Are we seriously saying we will bomb?”
The accord shields Iran’s vital oil exports and other essential parts of its economy from crippling sanctions in return for measures designed to stop Tehran moving towards the development of a nuclear weapon and, following a meeting with US Secretary of State Mike Pompeo, Johnson questioned what the US plan would be if Trump pulled out of the nuclear deal and the Iranians moved to restart nuclear facilities, saying: “We gotta fix the flaws in the deal, and one of these clauses is the sunset clause which will finish in 2025 [allowing Iran to restart a limited amount of nuclear programme activities]. You don’t throw the baby out with the bath water, because if you do that then what next, what if the Iranians do develop a nuclear weapon… Are we seriously saying that we will bomb those facilities … is that really a realistic possibility?” Johnson asked.

He also told the Fox & Friends programme: “If they do get a nuclear weapon, you’re going to get an arms race in the Middle East. You’re going to have the Saudis wanting one, the Egyptians wanting one, the Emiratis. It’s already a very, very dangerous state at the moment, we don’t want to go down that road. There doesn’t seem to me at the moment to be a viable military solution.”

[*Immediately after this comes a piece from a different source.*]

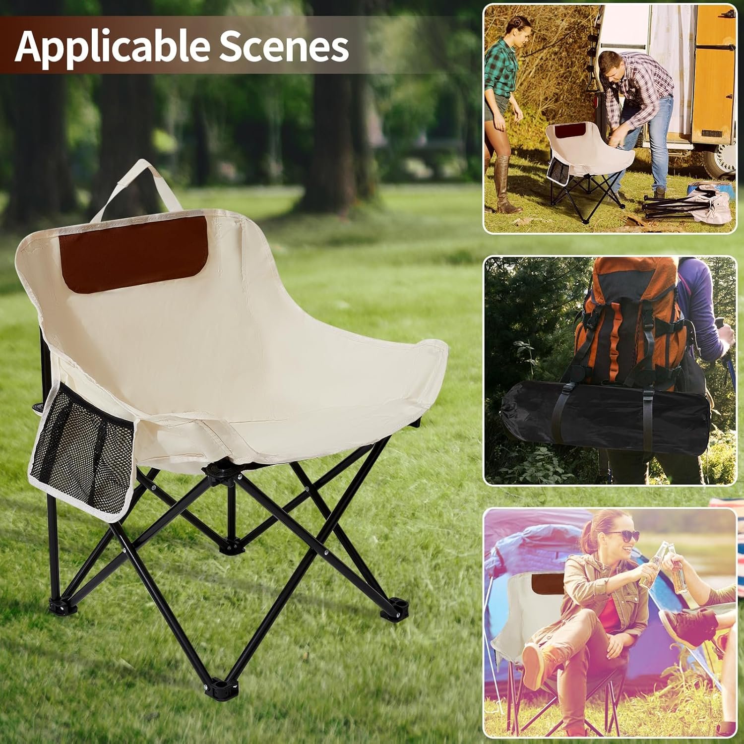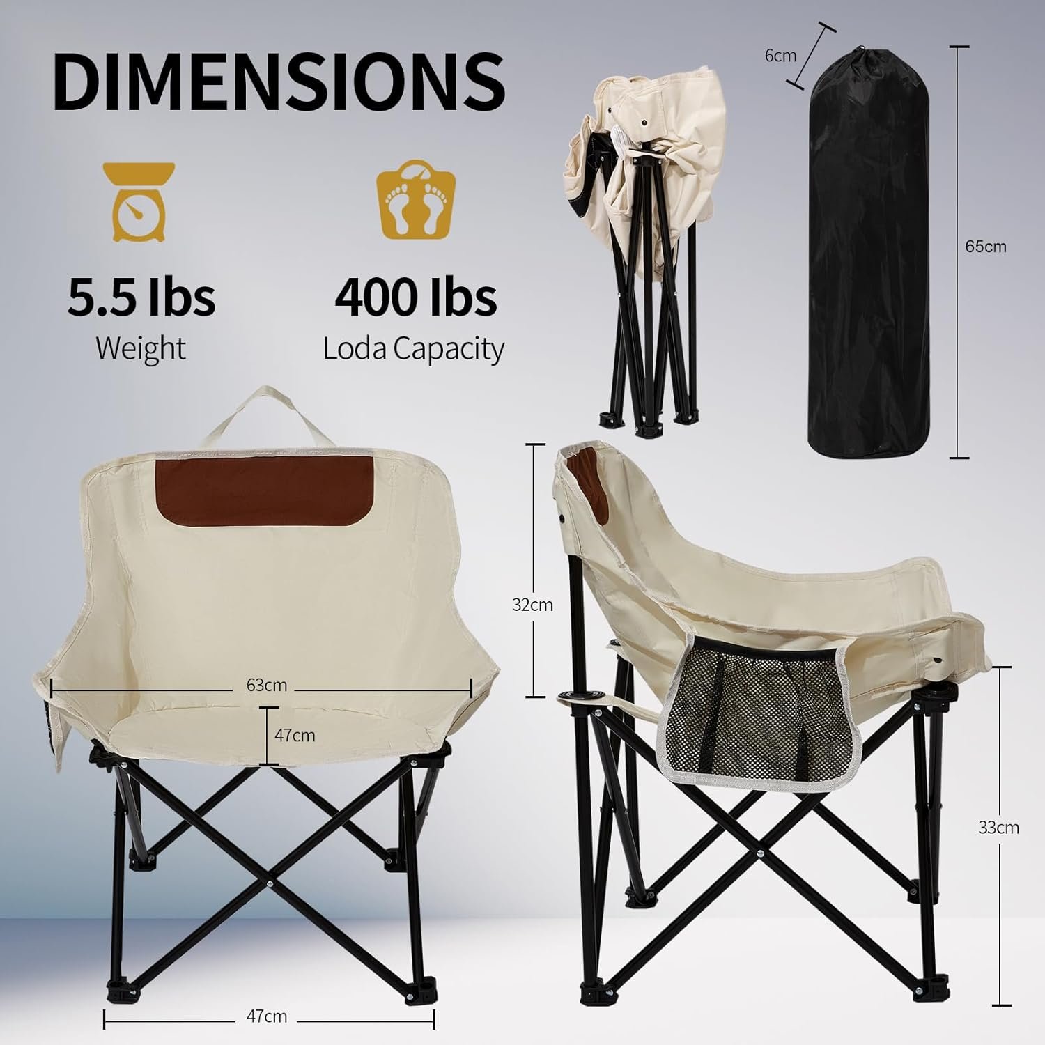 • 🌞 Durable and Reliable:This folding camping chair weighs about 5.5 pounds. It adopts a triangular reinforcement and stability design, allowing it to withstand a maximum ergonomic load capacity of 400 pounds. It is designed with rust-resistant light aluminum alloy as the frame and 600D Oxford cloth fabric as the cover tear-resistant, breathable and fade-resistant and stable.

Expanding on how the deal could remain alive without US participation, Rouhani reportedly said: “If we can get what we want from a deal without America, then Iran will continue to remain committed to the deal. What Iran wants is our interests to be guaranteed by its non-American signatories… In that case, getting rid of America’s mischievous presence will be fine for Iran.”

“If they want to make sure that we are not after a nuclear bomb, we have said repeatedly that we are not and we will not be,” said Rouhani, who helped negotiate the nuclear accord—which was 10 years in the making—to ease Iran’s isolation. “But if they want to weaken Iran and limit its influence whether in the region or globally, Iran will fiercely resist.”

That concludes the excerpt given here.